Synapse Hybrid Bov Review

it's all about the difference in surface area that is being acted upon by the air pressures (even though you can tell this is the case by the drawing). I am going to go out on a limb and assume that the boundary between chambers a and b has MUCH more surface area than the boundary between c and the atmosphere (or intake if you're in recirc). when you're in boost, A and C are pressurized thus holding the valve shut with boost (the spring is acting on it too, but is a non issue at this point), exactly as patty said. if you look at the diagram, this is obvious. when you let off of the gas, chamber A is in vacuum, which opens the valve (since the surface area being effected is greater than that being effected in chamber C (which is still in boost, not vacuum).

to sum up, the pull comes into play when the valve is opening. boost is PUSHING this valve closed. vacuum is PULLING the valve open.
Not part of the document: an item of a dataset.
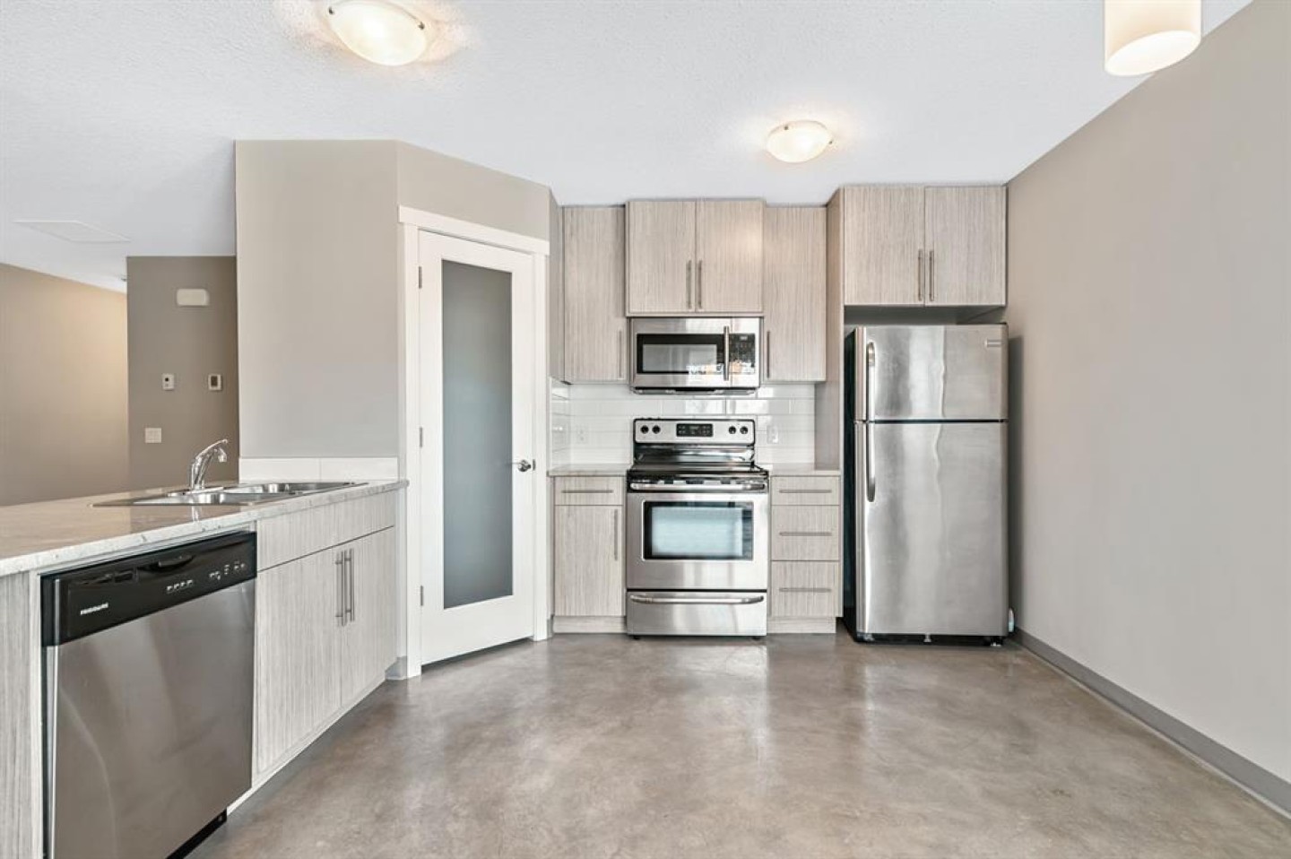 Dishwasher, Microwave Hood Fan, Refrigerator, Stove(s), Washer/Dryer Stacked

I'd like to see these diagrams of the forge valve too. I think it would shed some light on how it works (at least for me). then again, I am a physics dork and love analyzing stuff like this and making sense of it in my head.
 
Correct me if I'm wrong but...

Its the pressure differential between A and B that opens the valve not A and C. My guess is there is a bleed-hole in chamber C to allow chamber B to pressurize.

The spring IS an issue as it keeps the main valve shut against pressure variations in chamber A and B. Take a look at the diagrams, the shaft mounted plunger is directly actuated upon by movement of the diaphragm that separates chambers A and B and when it is open boost will escape the valve. So ultimately the valve is subject to the same forces as any other. A deviation in pressure seen on that diaphragm due to pressure loss will be the same as a in a "push" style valve. If it is great enough to overcome spring tension the main plunger will open, pressure will drop in chambers C and B, once pressure in chamber B drops low enough the spring will close the valve. Lather, rinse, repeat.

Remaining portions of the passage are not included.